The term psychogenesis can be used in the following three meanings:

  1. Development and change of individual mental abilities as well as the mental structure ( psyche ) of an individual in the course of his life history ( ontogenesis ). Examples are the development from child to adolescent and adult or from short chains of action to longer ones, or from coarser to “finer” behavior, etc.
  2. gradual development of mental functions within different species ( phylogenesis ). Examples are genealogical informative behaviors, such as those described by comparative ethology .
  3. Development history of psychiatric and psychosomatic illnesses as well as their psychological causes and conditions (also called psychogeny in this context ).

Psychogeny

Psychogenie is also the most frequently used noun for common compositions with the adjective psychogen , which was first used by Robert Sommer in the sense of " grounded in the psyche itself". It is a term that distinguishes itself from somatic causation (= somatogenic ) and refers to physical (such as movement disorders) and mental disorders and behaviors that are not the result of physical causes, but rather the result of psychological autonomy. So z. B. spoken of psychogenic depression , which means reactive depression. In the case of psychogenic paralysis , hysterical symptoms are considered ( conversion disorder ). Psychogenic seizures are not organically caused and therefore non-epileptic seizures (see epilepsy ). Psychogeny refers to downward effects .

Psychological development

This term is described differently depending on the psychological school.
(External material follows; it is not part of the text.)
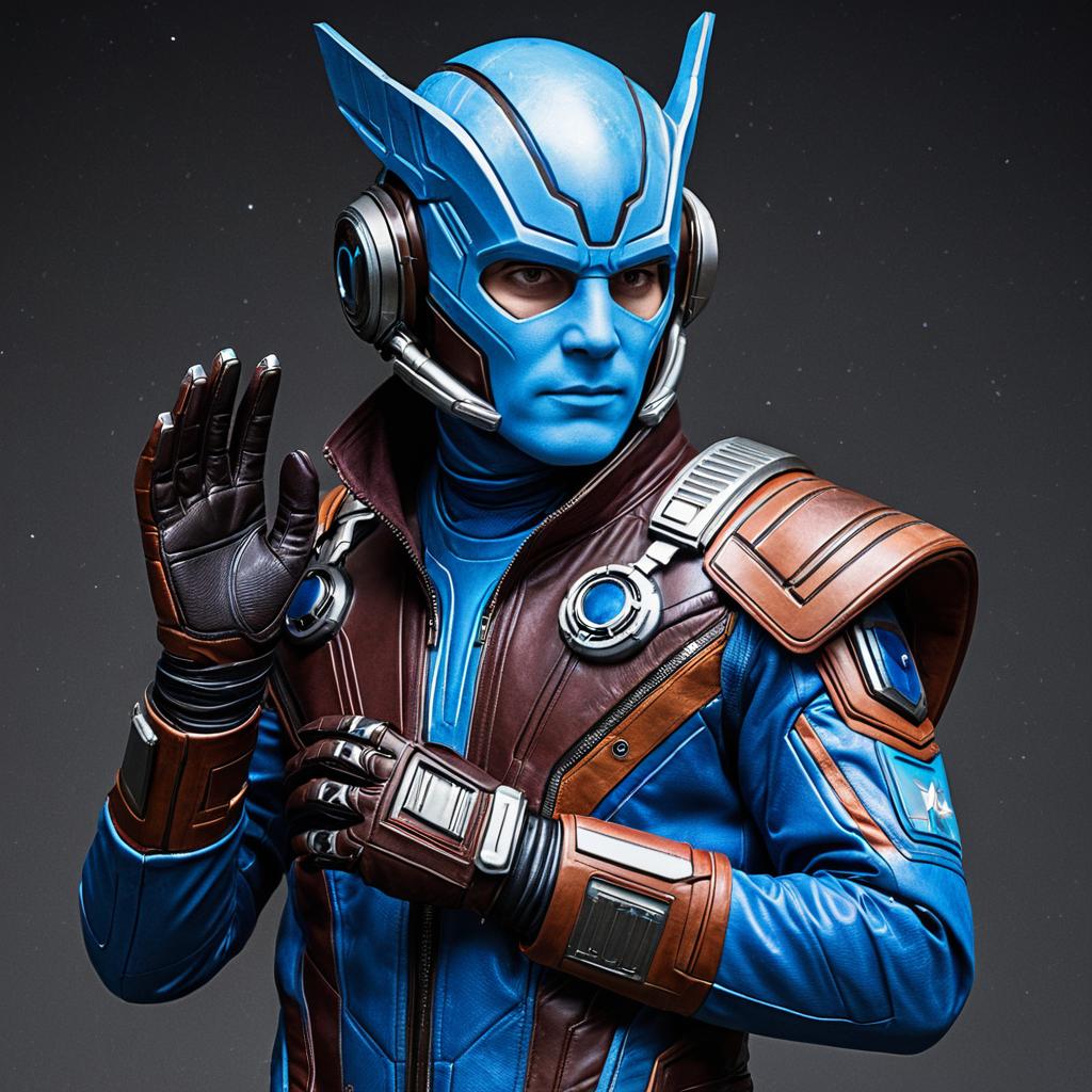 Guardians galaxy outfit,alien, 1boy, blue skin, male focus, science fiction, colored skin, solo, realistic, pointy ears, gloves, brown hair, pilot suit

In psychoanalysis , the development is described in direct connection with the prenatal unit “mother-child”, which leads through detachment, the defiant phase and puberty to adulthood. There is also an almost inexhaustible selection of literature.
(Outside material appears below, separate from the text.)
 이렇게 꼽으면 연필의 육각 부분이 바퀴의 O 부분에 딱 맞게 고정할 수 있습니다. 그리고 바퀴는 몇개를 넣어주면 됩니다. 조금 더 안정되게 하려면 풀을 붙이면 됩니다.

In humanistic psychology it is assumed that the mental possibilities are already created in the child and that it is essentially about creating an environment in which the child can develop his abilities in the best possible way.
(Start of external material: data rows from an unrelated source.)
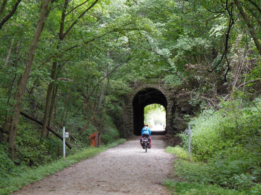 After our dark ride off the Katy Trail and over the Missouri River last night, we were sluggish on short sleep this morning. We cycled to our intended morning stop: a bike shop on the other side of town. My rear tire was again in need of replacement. When you carry a lot of weight on a touring bicycle, the rear tire takes a beating, particularly when you are also tra...
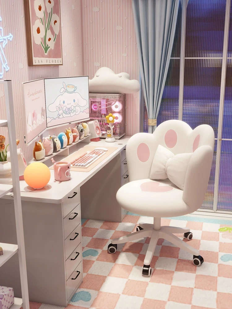 Cute Girls' Gaming Chair - Stylish Swivel Desk Chair with Adjustable Height & Backrest for Bedroom, Dorm, and Makeup | Comfortable & Trendy Design
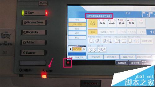 1、复印机无法打印最常见的就是纸盒中没有打印纸了,此时RICOH理光MP5000复印机会发出警报,警示灯也会亮起来,并且有缺纸的提醒。
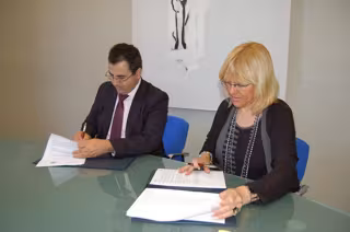La Universidad de Zaragoza (UZ) y la Universidad Andina 'Simón Bolívar' colaborarán en materia de enseñanza superior e investigación, gracias a un acuerdo que han suscrito la vicerrectora de Relaciones Institucionales y Comunicación de la UZ, Pilar Zaragoza, y el rector de la institución académica boliviana, Rafael Vergara.

A behavior-therapeutic explanation for psychogenesis is the shaping of behavior through reward ( conditioning ), behavior change ( shaping ) or breaking habits ( chaining ).

Developmental psychology and brain research use structural models of the brain or psyche , which are related to the aspects of self-organization and hierarchization of behavior. Prominent representatives are, for example, the basic psychogenetic law of Stanley Hall , the intelligence structure model by Piaget and the model of ego development by Jane Loevinger .

See also

  • somatic = physically or somatically caused, relating to "somatogenesis", d. H. the physical history of an illness
  • iatrogenic = caused by the doctor
  • endogenous = caused from "within" (see endogenous psychosis , endogenous eczema , etc.)
  • Functional syndromes = a term that does indeed relate to the function of individual organs and is therefore physiological, but which encompasses a wide range of meanings between organic and psychological , cf. also psychophysiology .
  • Reactivity (medicine) = in medicine and psychology the result of specified or suspected mostly external triggering or causal factors, e.g. B. reactive lymphadenitis, reactive depression, etc.
  • Peristasis (biology) = not genetically triggered, but by environmental factors.
  • pathoplastic = social and cultural factors "helping to shape" the symptoms of the disease, but not "causing" them (teaching of classical German psychiatry)
  • psychodynamic = mostly related to the forces that the mental apparatus according to Sigmund Freud provides - or simply a mentally sensitive reaction in the sense of psychodynamism.
  • Couvade syndrome
  • Munchausen Syndrome

Web links

Individual evidence

  1. Manuel Dafotakis, Dennis A. Nowak: Psychogenic movement disorders - clinic, additional diagnosis and differential diagnosis. In: Current Neurology. Volume 42, 2015, pp. 603-610.
  2. Uwe Henrik Peters : Lexicon of Psychiatry, Psychotherapy, Medical Psychology . Urban & Fischer, Munich 6 2007; ISBN 978-3-437-15061-6 ; Page 432 (online)
  3. Thure von Uexküll (Ed. And others): Psychosomatic Medicine . 3rd edition, Urban & Schwarzenberg, Munich 1986, ISBN 3-541-08843-5 ; Pp. 613, 732, 773, 1286, 1288 f. to control unit “downward effect”.